Your logs say the request succeeded. Your users say it didn't. Sound familiar?

Logs alone are like having security cameras but no audio, no motion sensors, and no way to correlate footage across rooms. You need all three pillars working together.

Pillar 1: Structured Logs

Stop doing this:

console.log(`User ${userId} placed order ${orderId}`);
Enter fullscreen mode Exit fullscreen mode

Start doing this:

import pino from 'pino';

const logger = pino({
  level: process.env.LOG_LEVEL || 'info',
  formatters: {
    level: (label) => ({ level: label }),
  },
  timestamp: pino.stdTimeFunctions.isoTime,
});

logger.info({
  event: 'order.placed',
  userId,
  orderId,
  amount: order.total,
  correlationId: req.headers['x-correlation-id'],
}, 'Order placed successfully');
Enter fullscreen mode Exit fullscreen mode

The difference? The second version is queryable. When your Loki or CloudWatch Insights query looks like {event="order.placed"} | json | amount > 500, you'll understand why structure matters.

Pino vs Winston: Pino is faster (it serializes to JSON natively, Winston transforms). For high-throughput services, Pino wins. For complex transport needs (writing to files, Slack, databases simultaneously), Winston's transport system is more flexible. Pick one and standardize across your org.

Aggregation Pipeline

Your logs need to flow somewhere useful:

App (Pino) → stdout → Fluentd/Vector → Loki/CloudWatch/Elasticsearch
Enter fullscreen mode Exit fullscreen mode

Don't ship logs directly from your app to the aggregator. Write to stdout, let infrastructure handle routing. This keeps your app decoupled and your containers lightweight.

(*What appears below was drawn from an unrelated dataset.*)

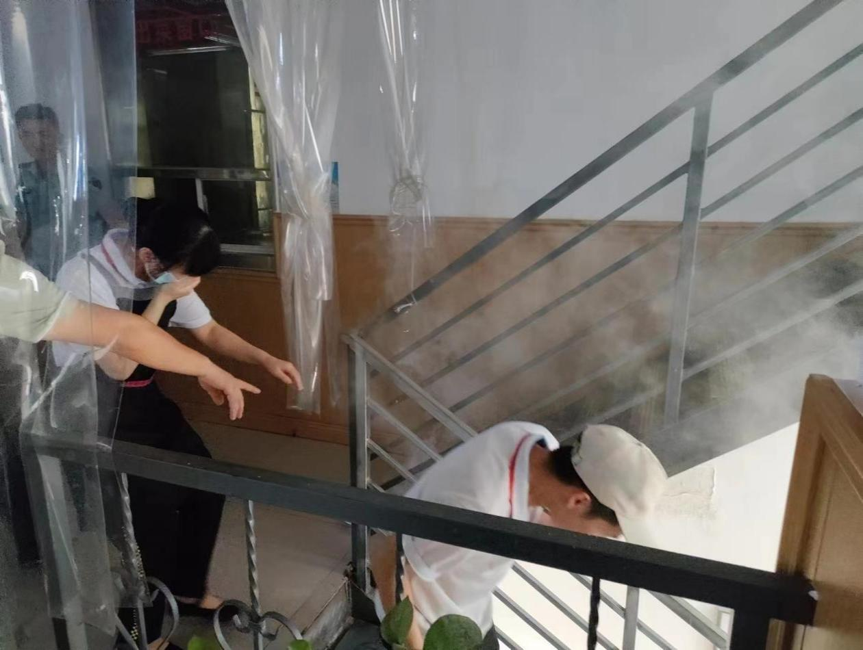 理论培训后,进入应急疏散演练环节,现场模拟起火,食堂工作人员发现火情后,第一时间按下手动报警装置,拨打当班领导电话,同时使用最近的二氧化碳灭火器进行灭火。后勤保卫部组织启动食堂火灾应急预案流程,各演练小组在听到疏散指令后,迅速按照流程有序进行疏散,全体人员各司其职,达到了预期的演练效果。

// For local dev, make it readable
const logger = pino({
  transport: process.env.NODE_ENV === 'development'
    ? { target: 'pino-pretty' }
    : undefined,
});
Enter fullscreen mode Exit fullscreen mode

Pillar 2: Metrics with Prometheus

Logs tell you what happened. Metrics tell you how things are going.

Three types you need to internalize:

import { Counter, Histogram, Gauge, register } from 'prom-client';

// COUNTER: things that only go up
const httpRequestsTotal = new Counter({
  name: 'http_requests_total',
  help: 'Total HTTP requests',
  labelNames: ['method', 'route', 'status'],
});

// HISTOGRAM: distribution of values (latency, sizes)
const httpRequestDuration = new Histogram({
  name: 'http_request_duration_seconds',
  help: 'Request duration in seconds',
  labelNames: ['method', 'route'],
  buckets: [0.01, 0.05, 0.1, 0.25, 0.5, 1, 2.5, 5],
});

// GAUGE: values that go up and down
const activeConnections = new Gauge({
  name: 'active_connections',
  help: 'Currently active connections',
});
Enter fullscreen mode Exit fullscreen mode

Wire it into your middleware:

app.use((req, res, next) => {
  const end = httpRequestDuration.startTimer({
    method: req.method,
    route: req.route?.path || 'unknown',
  });

  res.on('finish', () => {
    httpRequestsTotal.inc({
      method: req.method,
      route: req.route?.path || 'unknown',
      status: res.statusCode,
    });
    end();
  });

  next();
});

// Expose /metrics endpoint for Prometheus scraping
app.get('/metrics', async (req, res) => {
  res.set('Content-Type', register.contentType);
  res.end(await register.metrics());
});
Enter fullscreen mode Exit fullscreen mode

Choose your histogram buckets carefully. The defaults are almost never right. Think about what latency matters for your service. An API gateway needs sub-100ms buckets. A report generator might need 1-60s.

Pillar 3: Distributed Traces with OpenTelemetry

When a request touches 5 services, logs and metrics can't tell you where the slowdown happened. Traces can.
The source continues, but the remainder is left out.